On its own, Arden’s story will keep you reading: a notable suffragist, a lesbian icon, a horse-racing, ceiling-busting visionary who created so many of the basic beauty concepts we still live with today, from the day spa to the three-step skin-care routine. She also played no small part in normalizing the idea that makeup can be empowering. Johnson’s own journey, as an Ontario-born neophyte who lands a Manhattan marketing job, engages less.
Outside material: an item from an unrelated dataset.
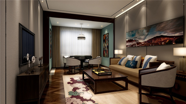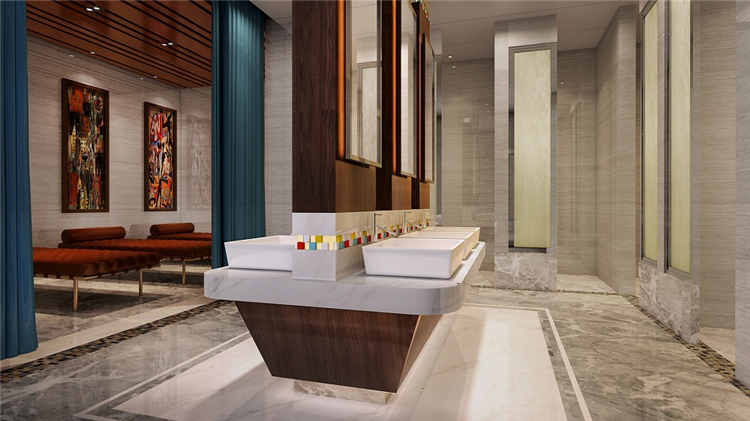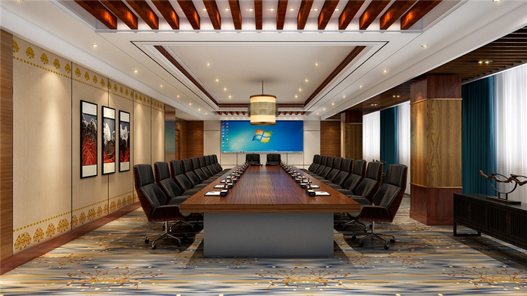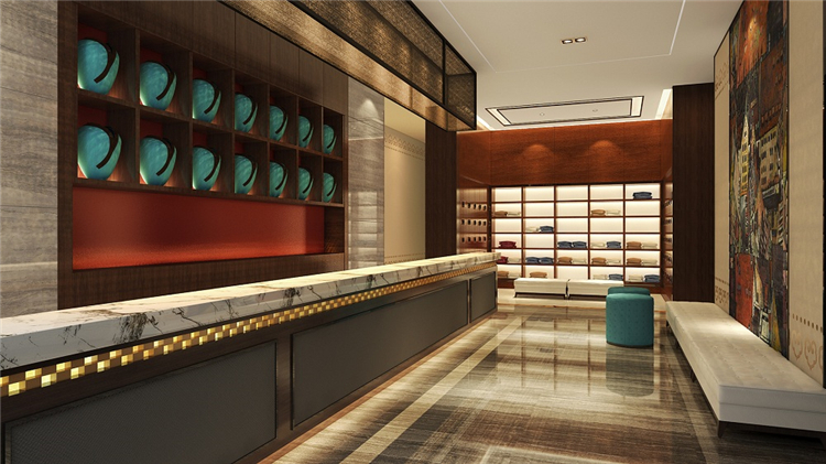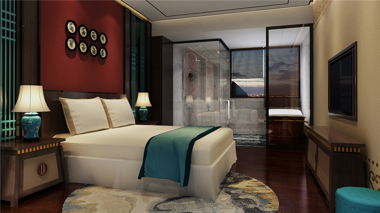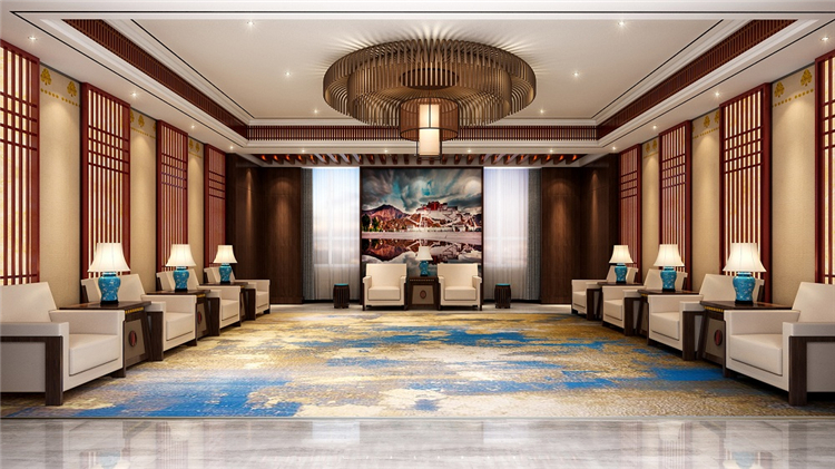設(shè)計(jì)師同時(shí)考慮到地域民族文化和功能實(shí)用性,結(jié)合現(xiàn)代簡約與傳統(tǒng)藏式風(fēng)格,為往來的游客提供一個(gè)放松休憩的完美場所。設(shè)計(jì)師主要運(yùn)用藏藍(lán)、金黃、喇嘛紅等濃重色彩進(jìn)行搭配,靈感既來自于藏族傳統(tǒng)文化及宗教藝術(shù),也來自于雪域高原山高天藍(lán)水長花艷的自然景觀。借用柱網(wǎng)結(jié)構(gòu)、幾何紋路、吉祥花等藏式建筑形式和圖案進(jìn)行裝飾和點(diǎn)綴,但將繁復(fù)的式樣盡量精簡平面化,取其古樸、神奇、粗獷的神韻,表達(dá)一種平衡、對比、和諧統(tǒng)一的構(gòu)圖規(guī)律和審美思想。

If you’ve read The Devil Wears Prada, if you’ve seen Julie & Julia, you can make out many familiar contours pretty quickly here: the sweaty stumble into the first day at corporate HQ, the lipstick on the teeth when encountering the CEO in the elevator, the starting of a blog, the crappy apartment Wi‑Fi, the Starbucks, the ultimate lesson that there is more to life than making it in the Big Apple.

Alongside Arden’s epic life — which blooms with Gibson Girls and the Lost Generation and flourishes in the era of Hollywood glamour and JFK’s Camelot — the account of Johnson’s time with the company just wilts. When Johnson couples, for instance, the internment of Arden’s sister (who ran the company’s operation in Europe) in a Nazi concentration camp with her own “battle” with homesickness while working in the Geneva office for a year, readers might wonder whether part of this story would have been best kept on that blog. For this particular beauty-culture book, the mirror should have been left aside.